An HLA haplotype is a series of HLA "genes" (loci-alleles) by chromosome, one passed from the mother and one from the father.
The phenotype exampled above is one of the more common in Ireland and is the result of two common genetic haplotypes:
A*01:01 ; C*07:01 ; B*08:01 ; DRB1*03:01 ; DQA1*05:01 ; DQB1*02:01 (By serotyping A1-Cw7-B8-DR3-DQ2)
which is called ' 'super B8' ' or ' 'ancestral haplotype' ' and
A*03:01 ; C*07:02 ; B*07:02 ; DRB1*15:01 ; DQA1*01:02 ; DQB1*06:02 (By serotyping A3-Cw7-B7-DR15-DQ6 or the older version "A3-B7-DR2-DQ1")
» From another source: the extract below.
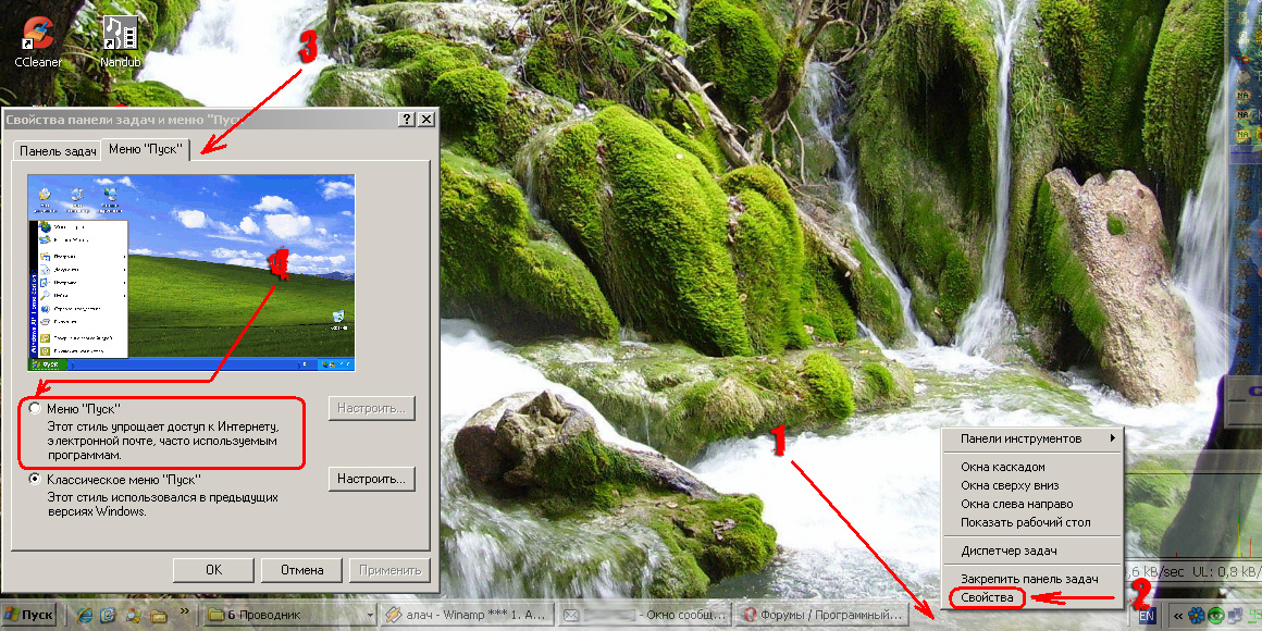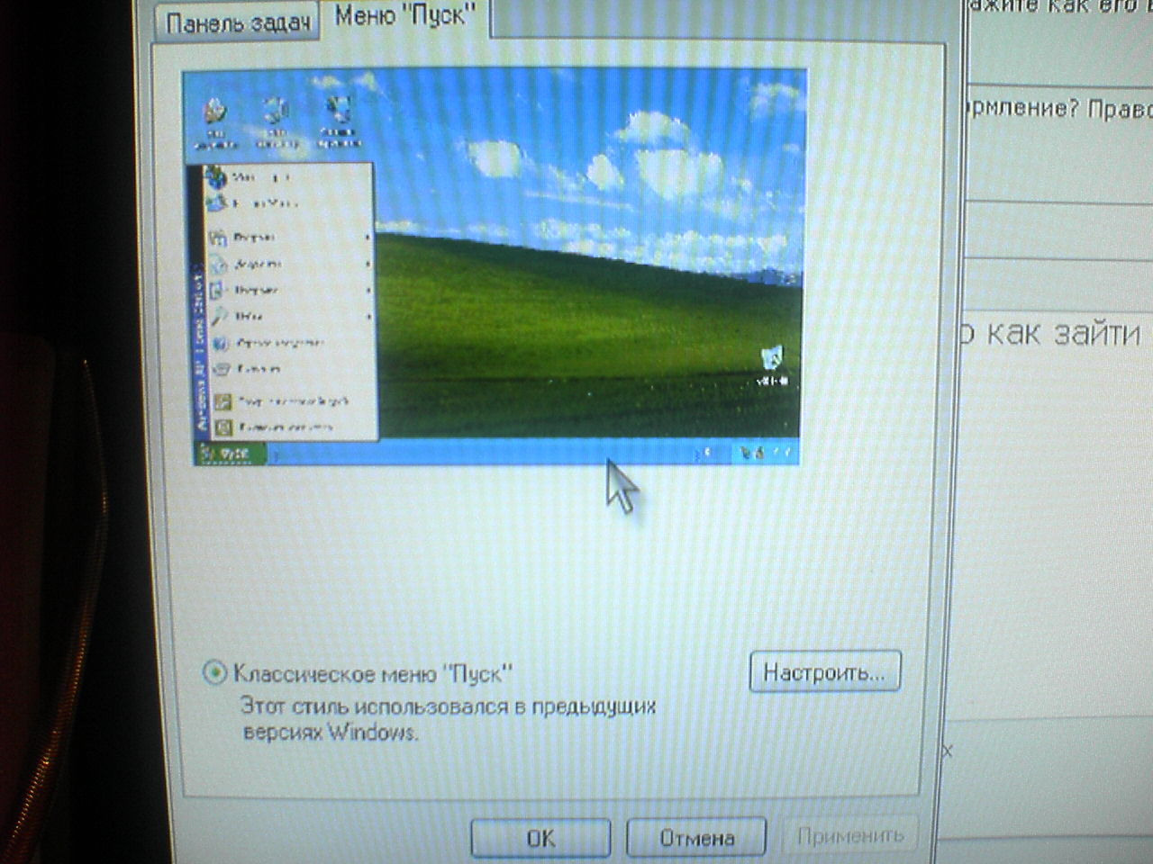 у меня глюк с меню пуск. у меня остался только классическое меню, а меню XP удалилось !!! не подскажите как его восстановить ???

These haplotypes can be used to trace migrations in the human population because they are often much like a fingerprint of an event that has occurred in evolution. The Super-B8 haplotype is enriched in the Western Irish, declines along gradients away from that region, and is found only in areas of the world where Western Europeans have migrated. The "A3-B7-DR2-DQ1" is more widely spread, from Eastern Asia to Iberia. The Super-B8 haplotype is associated with a number of diet-associated autoimmune diseases. There are 100,000s of extended haplotypes, but only a few show a visible and nodal character in the human population.
Studies of humans and animals imply a heterozygous selection mechanism operating on these loci as an explanation for this variability. One credible mechanism is sexual selection in which females are able to detect males with different HLA relative to their own type. While the DQ and DP encoding loci have fewer alleles, combinations of A1:B1 can produce a theoretical potential of 7,755 DQ and 5,270 DP heterodimers, respectively. While nowhere near this number of isoforms exist in the human population, each individual can carry 4 variable DQ and DP isoforms, increasing the potential number of antigens that these receptors can present to the immune system.
Studies of the variable positions of DP, DR, and DQ reveal that peptide antigen contact residues on class II molecules are most frequently the site of variation in the protein primary structure. Therefore, through a combination of intense allelic variation and/or subunit pairing, the class II 'peptide' receptors are capable of binding an almost endless variation of peptides of 9 amino acids or longer in length, protecting interbreeding subpopulations from nascent or epidemic diseases. Individuals in a population frequently have different haplotypes, and this results in many combinations, even in small groups. This diversity enhances the survival of such groups, and thwarts evolution of epitopes in pathogens, which would otherwise be able to be shielded from the immune system.
HLA antibodies are typically not naturally occurring, and with few exceptions are formed as a result of an immunologic challenge to a foreign material containing non-self HLAs via blood transfusion, pregnancy (paternally inherited antigens), or organ or tissue transplant.
Antibodies against disease-associated HLA haplotypes have been proposed as a treatment for severe autoimmune diseases.
Donor-specific HLA antibodies have been found to be associated with graft failure in kidney, heart, lung, and liver transplantation.
In some diseases requiring hematopoietic stem cell transplantation, preimplantation genetic diagnosis may be used to give rise to a sibling with matching HLA, although there are ethical considerations.